Q#1: Or, to be more general, what pieces of software are common amongst all Linux distributions, i.e. define a Linux distribution?
If we are talking about a GNU/Linux distribution, I can surely guess that the userland is pretty much the same among distributions.
I can't think of one that get's away without using GNU Coreutils, GNU Binutils, GNU Bash, GNU Compiler Collection, etc.
Now if all you want is a definition of what a Linux distribution is made of, then in one sentence, that's the Linux kernel, and a userland, that is a set of software you run on top of that kernel to make it useful to you.
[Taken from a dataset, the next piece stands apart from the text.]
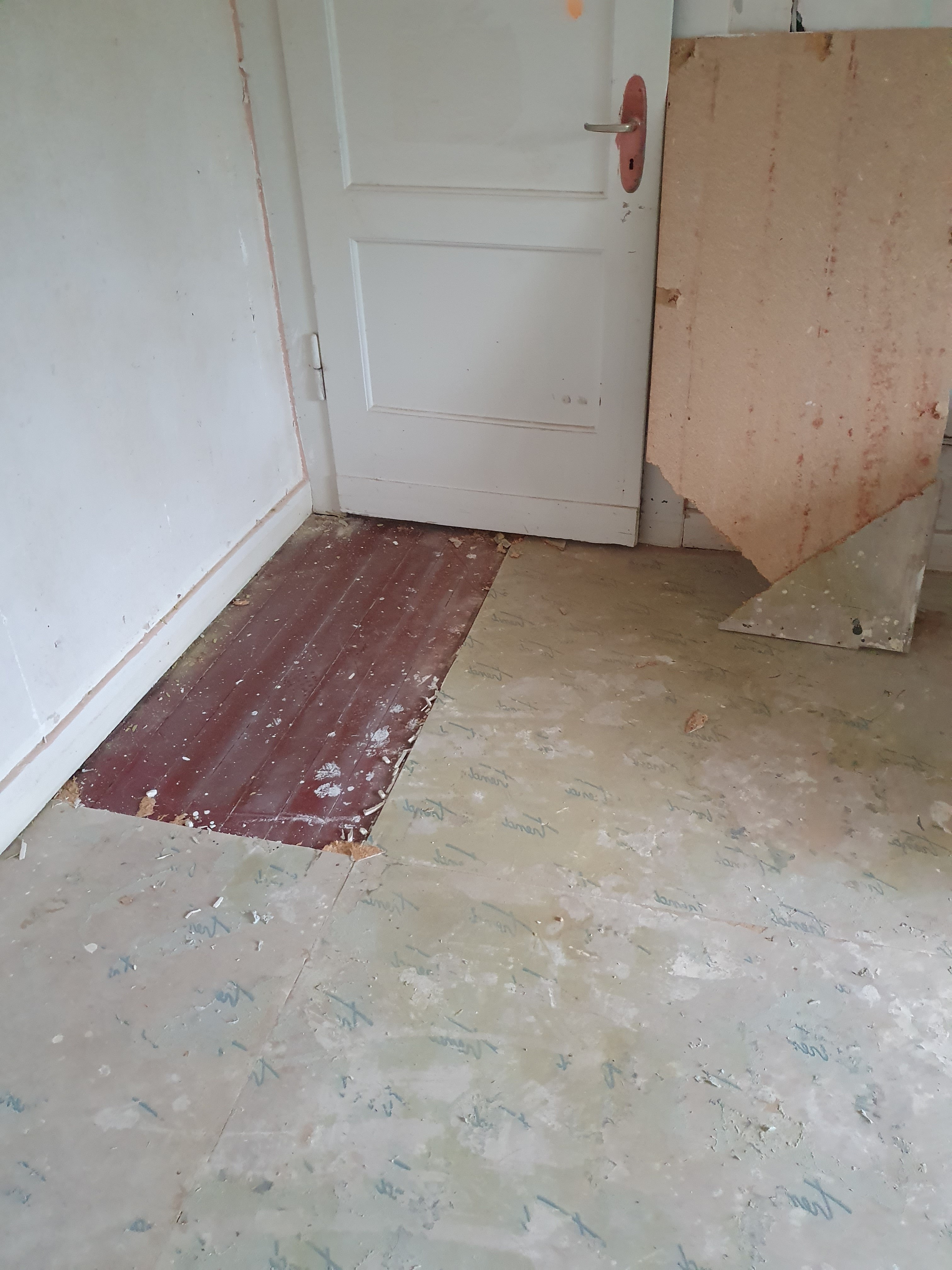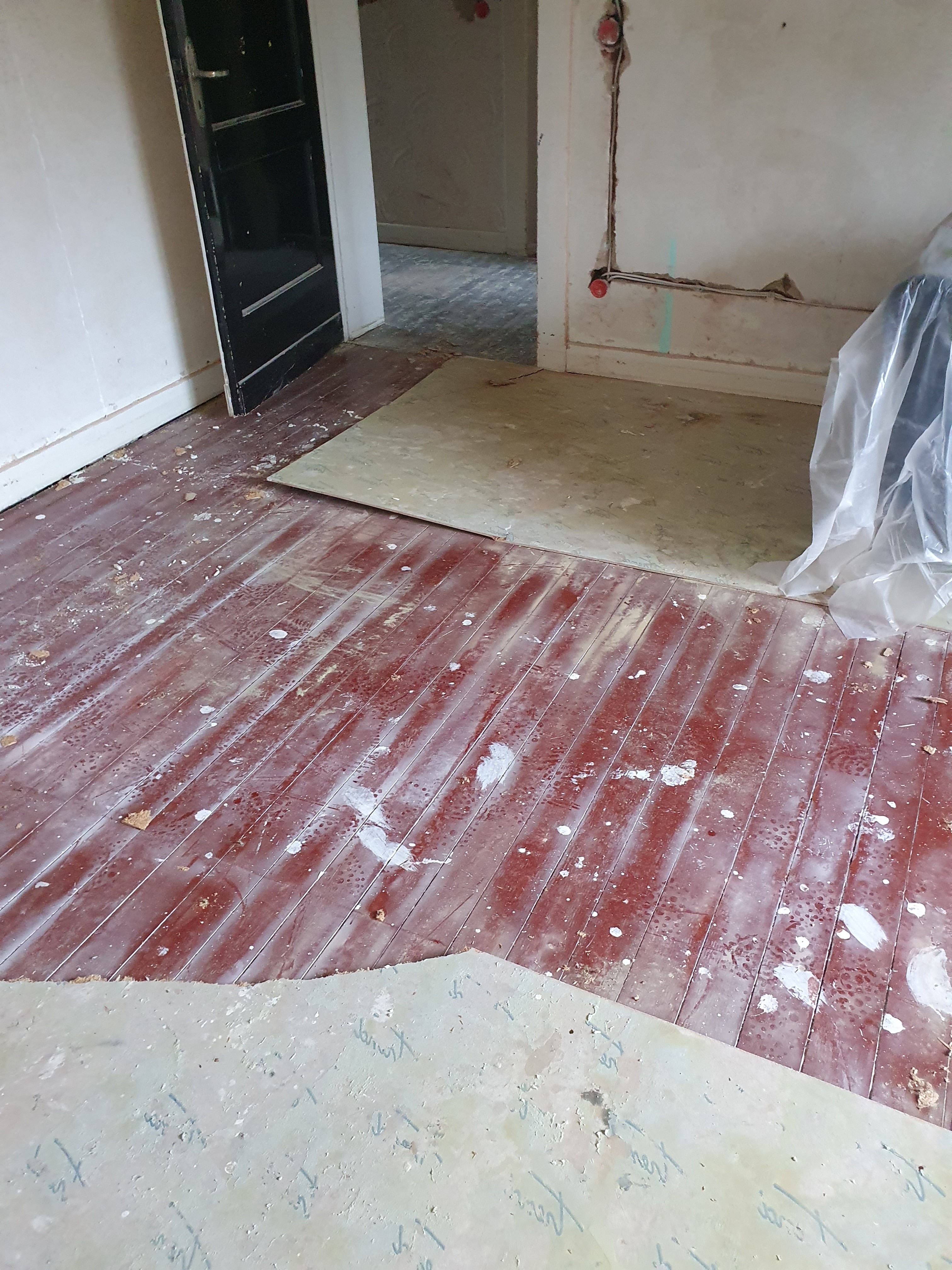 The B Team got stuck in traffic, taking two hours for a journey that normally takes less than half that. And when they arrived I had to leave, in order to smash up a cupboard and put it out with some other stuff for special collection tomorrow morning. But they decided to take another go at the study floor in the hope that it, too, is largely screwed or nailed down and not glued.

Most Linux distributions also use some kind of software management system, to ease software installation and configuration for example, (be it by binary package management like Debian, or source package management like Gentoo), and occasionaly, some distro specific software, like for instance administration tools (I can think of
debconf for Debian, or
yast for OpenSuse for instance). If you would like a more definitive answer, you should definitely take a look at Linux From Scratch
Q#2: Is the part of Linux that runs before chrooting into rootfs common to
all Linux distros (and that's why the initial boot worked for both
Arch and Ubuntu)?
Yes and no. Most distros use a slightly modified version of the steps below, but the choices of the technology for the different pieces can be different. Different boot loaders (GRUB, Lilo, etc.) for example.
excerpt from Wikipedia article titled: Linux Startup Process
- The BIOS performs hardware-platform specific startup tasks
- Once the hardware is recognized and started correctly, the BIOS loads and executes the partition boot code from the designated boot
device, which contains phase 1 of a Linux boot loader. Phase 1 loads
phase 2 (the bulk of the boot loader code). Some loaders may use an
intermediate phase (known as phase 1.5) to achieve this since modern
large disks may not be fully readable without further code.
- The boot loader often presents the user with a menu of possible boot options. It then loads the operating system, which decompresses
into memory, and sets up system functions such as essential hardware
and memory paging, before calling start_kernel().
- start_kernel() then performs the majority of system setup (interrupts, the rest of memory management, device initialization,
drivers, etc.) before spawning separately, the idle process and
scheduler, and the Init process (which is executed in user space).
- The Init process executes scripts as needed that set up all non-operating system services and structures in order to allow a user
environment to be created, and then presents the user with a login
Much of the seeming complexity (phase 1 boot loader calling phase 2) has to do with the history in which the PC grew up, where things were bolted on as IBM and others standardizes the design of various sub-systems and how they worked together.
The other complexity comes from the nature of Linux, where various components are modular and interchangeable. This modular design comes with a price, that you're seeing here with the over designing of the architecture. Remember that Linux can boot on a multitude of hardware platforms and supports a variety of filesystems, and so this partly a consequence of all these choices.